Seeing the Stepford terminology so far removed from its source material is jarring, but not surprising. The women in the film are gorgeous even if they've been turned into literal automatons. Who wouldn't give up their personal freedom, private thoughts, and any semblance of humanity to live a perfectly wholesome life?
The Price Of Having It All

There's a famous quote about Fred Astaire and Ginger Rogers (reportedly taken from a 1982 Frank And Ernest cartoon) about how society perceives the accomplishments of men and women: "Sure, [Astaire] was great, but don't forget that Ginger Rogers did everything he did, ...backwards and in high heels." Feminism challenged the the traditional view of gender roles -- that men were the smart ones, the ones who belonged in charge, doing things of great consequence, and women were subservient by nature, fit to do easy and less consequential tasks that were denigrated as "women's work." Furthermore, a higher emphasis was placed on women's appearance; they were expected to look put together at all times, and to "keep" their figure -- important to "keeping" a man.
There was the condescending idea that women should aspire to "have it all" -- a perfect home, perfect kids, perfect marriage and perfect appearance -- and that this would bring satisfaction. But having it all sounds a lot like doing it all, doesn't it? Keeping everyone else happy and everything tidy requires a near abdication of self.
A Robot's Work Is Never Done

The sinister husbands in the film don't really want wives -- they want unquestioning multi-taskers who look and behave perfectly and appear to be happy about it.
They want robots, so they make robots.
The fact is, managing a household is complex, potentially soul-draining, and may have required more skill than the jobs the bread-winning men were doing. Striving for the Barbie-doll ideal, forever dieting while their beer-swilling husbands packed on the pounds and lost their hair, required a discipline those husbands couldn't (or chose not to) understand.
Another way of viewing the Stepford Wife is as a critique of the unfairness of traditional gender expectations. In order to be the perfect wife, you'd almost have to be a robot. And those seemingly perfect wives we all meet from time to time? Maybe they really are robots.
The Cult Film That Struck A Nerve, Sort Of

The Stepford Wives was neither a critical or commercial success.

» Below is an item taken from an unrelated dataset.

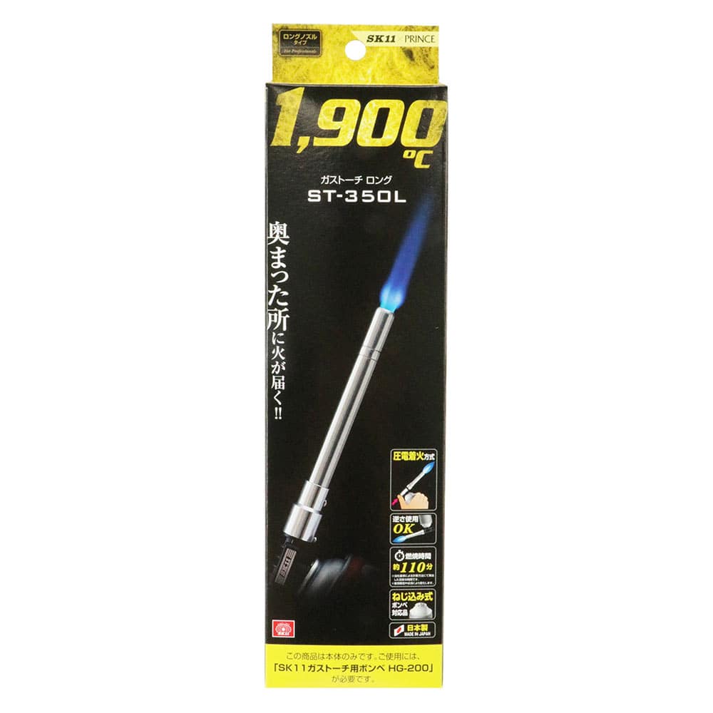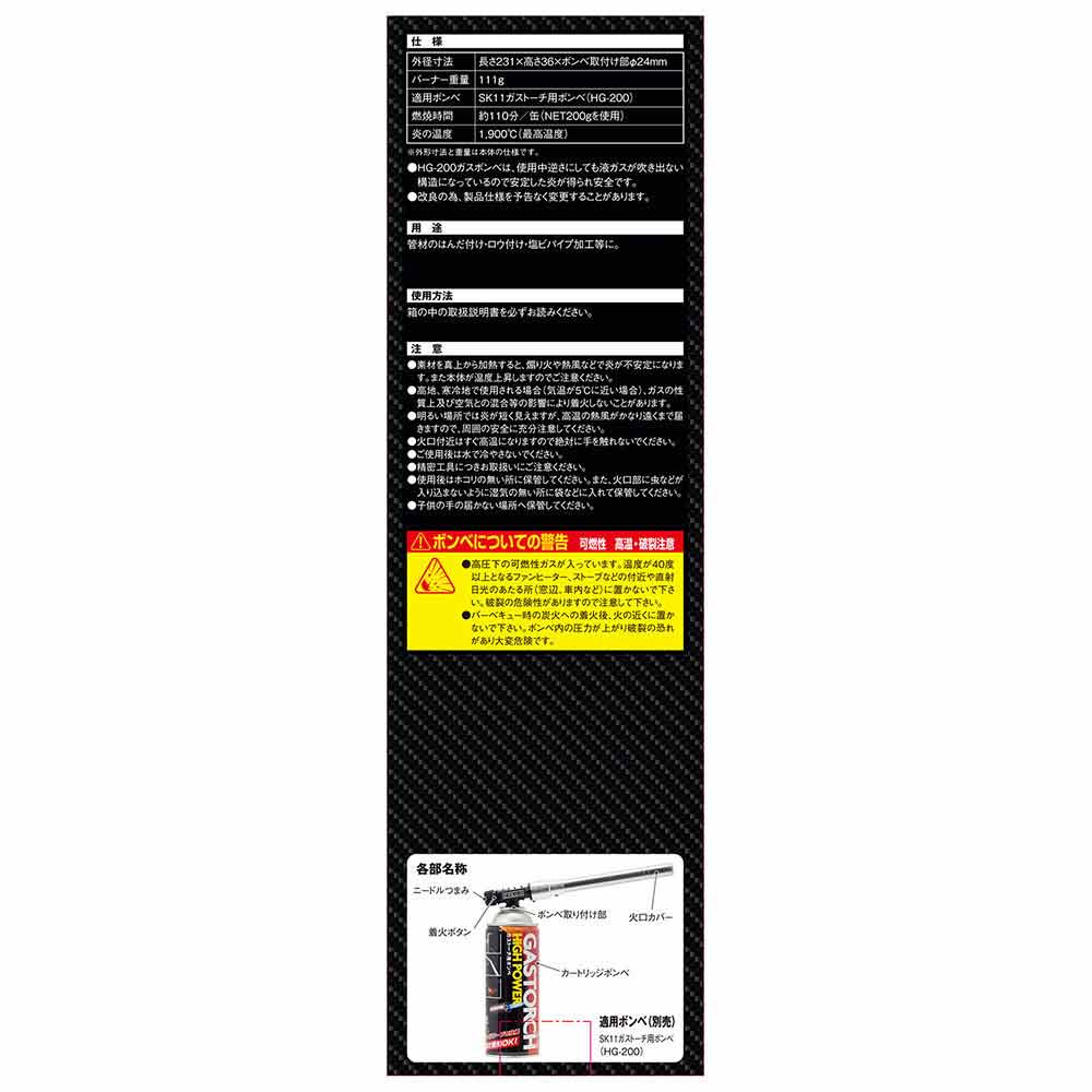 本体のみです。ご使用にはSK11ガストーチ用ボンベ(HG-200)が必要です。 ご使用前に必ず取扱説明書、使用上の注意をお読みください。高圧下の可燃性ガスが入っています。温度が40度以上となるファンヒーター、ストーブなどの付近や直射日光のあたる所(窓辺、車内など)に置かないで下さい。破裂の危険性があります。 バーベキュー時の炭火への着火後、火の近くに置かないで下さい。ボンベ内の圧力が上がり破裂の恐れがあり大変危険です。
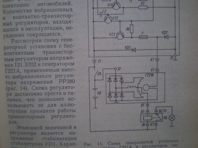 Вот схема вазовского Г221 с идентичным РН, обратите внимание на еще один вывод "85" из генератора и ниже- реле + лампа.

Earning only $4 million at the box office in 1975, the film was derided by genre film averse critics and second wave feminists who felt that the film was attempting to co-opt their movement with a shiny, beautiful facade. What people missed at the time is that the film is a warning. The bad guys win. Katherine Ross is choked to death with a pair of nylons by her robotic doppelgänger. It's every bit as harrowing as the final moments of Night of the Living Dead and Invasion of the Body Snatchers.
In the years following the film's release it became a cult classic along the lines of Beyond The Valley of the Dolls and The Phantom of the Paradise. Each film offers its own perverse pleasures at a price.
Maybe You've Been Brainwashed Too

How did the title of a critical and commercial failure become the de facto term used to described docile, unthinking housewives? Viewers may not have sat through a two hour movie, but the imagery on the film's poster - Katharine Ross' head smashed like a porcelain doll accomplishes the same goal as the film but it does it in an instant.
Writing for Film Comment, Alissa Quart notes that many of the phrases we use to describe a group of people or a major event can be traced back to the social horror films of the '60s and '70s. Think Soylent Green, and The Manchurian Candidate, aren't we still calling people zombies thanks to George Romero?
The Worst Thing About Being A Robot Is Believing You're Not A Robot

Audiences may not have watched The Stepford Wives or Invasion of the Body Snatchers but those titles are the perfect shorthand for someone who's abandoned every shred of individuality for what they perceive to be a better life, even if that normalcy becomes a nightmare. Perhaps the spread of the phrase is best explained by Mary Stuart Masterson, who plays the young Kim in the 1975 film:
‘Stepford wife’ has become code for some robot following a script and meeting some male misogynistic ideal of femininity. [It’s about] negating your agency as a woman.